Ok now. Talked about what spirituality isn't, and hinted at least at what I think it is. Now go beyond hinting. Wrap it up by describing spirituality in terms of four words, realism, wholeness, balance, or proportion, and I couldn't think of a good word for this last one, so I'll call it a "holy incompleteness." We could do volumes, I think on each of those, but I'll comment only very briefly

  1. realism. I talked about that a moment ago. Living in the world as it really is, picking up on what is really happening, beneath the obvious, beyond the assumptions, prejudices with which we approach experience. I said spirituality is opposed to anxiety… True. Anxiety always involves a departure from reality to some extent. Here we could repeat everything said in first adult session about faith. Genuine spirituality flows from an act of faith, is a mark of a genuine believer, a person who knows the world as it really is, as God knows it, or close to it as we can come. A person who knows that the world is God's, and to live in it successfully, satisfyingly, it must be done on His terms, and in His company. It is from this, I think that formal prayer flows naturally. In the light of the conviction that the world is God's, it works as He says it should, on His terms, at His pace, a believer moves to prayer as readily as Mary sat down to casual conversation with Christ. And for precisely the same reason. In God's world, one of the good things happening, is His company. As He is really the only One Who can genuinely enjoy the world, we are going to get far more out of it if we do it all in His presence.
  2. wholeness. Because the above is true, there is always more going on than what seems to be. If the world is truly God's and it is, then the world can no more be captured accurately in immediate experience than can God Himself. Nothing means only what it feels like. Nothing bad is ever just bad, can never be measured only in terms of immediate dis-satisfaction. Nothing good is ever only as good as it feels, can never be measured only in terms of immediate satisfaction. So spiritual perfection means bringing together what can be seen felt, experienced, and what cannot be seen, felt, experienced. Bringing together into one reality, physical, emotional, intellectual, every dimension of the human experience, refusing to see that experience in parts.
  3. balance. Again, flows from everything else that has been said. If our view of God's world is real, and whole, then we can center in on what is truly important, truly valuable, what really ought to be pursued, honored in any particular situation, and devote our energies to that. Again, that is a pretty good counter for anxiety as well. Using the Martha and Mary model again, balance means not being so caught up in something like the duty of hospitality, that the reality of it is ignored, even destroyed. That model can be imposed on any number of other situations.
  4. finally, a holy incompleteness. It flows from what we said about the fact that central to a human spirituality is a sense of being in movement, in process. We can never say about anything, "This is all there is. This is as good as it gets." A spiritual person, a person who lives in real world, God's world, is always aware that there is more to come. Whether an experience be good, bad, or anything in between, we never reach a point at which we have said all there is to say about it. And that makes final judgments on our part, about anything, virtually impossible. As Scripture puts it, "Judgment is mine, says the Lord." The reason for that is simple. Only He can judge, because only He knows.

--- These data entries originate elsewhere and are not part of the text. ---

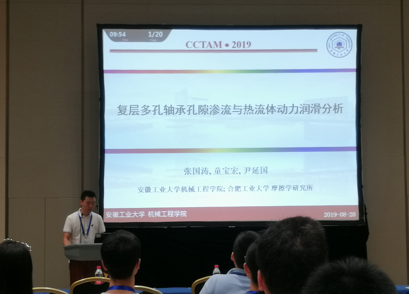 600全讯白菜有六位老师参加了本次盛会。其中,张国涛博士和方光武博士分别开展了“复层多孔轴承孔隙渗流与热流体动力润滑分析”和“基于裂纹带方法的陶瓷复合材料多层界面相损伤演化有限元模拟”专题汇报,黄向明老师和汪超老师分别开展了“地球质量的演化”和“Multi-objective shape optimization of plates with cutouts by extended isogeometric analysis”墙报展示活动,取得了很好的学术交流效果。
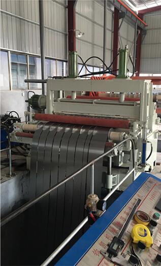 本設(shè)備的工作流程:本設(shè)備是將鋼板(各種金屬材料卷)通過高速精密縱剪加工成需要寬度的專用剪切設(shè)備。本設(shè)備的主要工作主機由開卷機、精密圓盤式刀座、張力產(chǎn)生站、收卷機等四個主要機構(gòu)構(gòu)成,中間輔以收紙、運料、夾送、板頭剪床、緩沖、引導(dǎo)、覆膜、收卷廢邊、分卷剪床、出料等裝置。
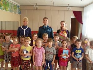 На фото Юрий Ивченков и инструктор ВДПО Анна Шарапкова с детьми в детском саду "Радуга".
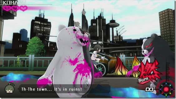 I found it more eerie to see Monokuma interacting in the real world than in the closed spaces of the previous games. In the original games, Monokuma’s executions were shocking at first but eventually became so outrageous they lost their shock value. However, watching Monokuma roam the streets and go on a murdering spree with pink blood galore brought a lot of that shock value back. As the army of Monokuma continue on their murdering spree, Komaru is eventually targeted and is forced to run and hide for her life. Eventually, she is greeted by a familiar face to returning players and is given a hacking gun that can take out the Monokuma she is facing.
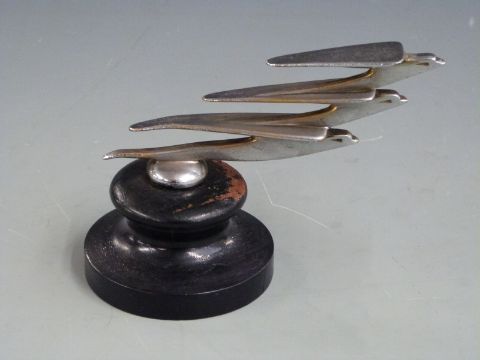 Art Deco Desmo vintage car mascot formed as three stylised birds flying in formation, on ebonised base, overall height 11cm

Well. That's a lot of stuff. A lot more stuff could be added. But for now, to be spiritual means to live in the only world there really is, God's, to do so on His terms, as He made us to be, physical, emotional, intellectual, spiritual, all at once, all at the same time, to devote all of those dimensions of what we are to discerning and building on the goodness that God has placed in the world, and to do so always aware, and even a little bit impatient over the fact that there is so much more to come.

Presented as part of an adult faith formation program having as it's overall theme "The Nature of Faith". The date of the presentation could not be found.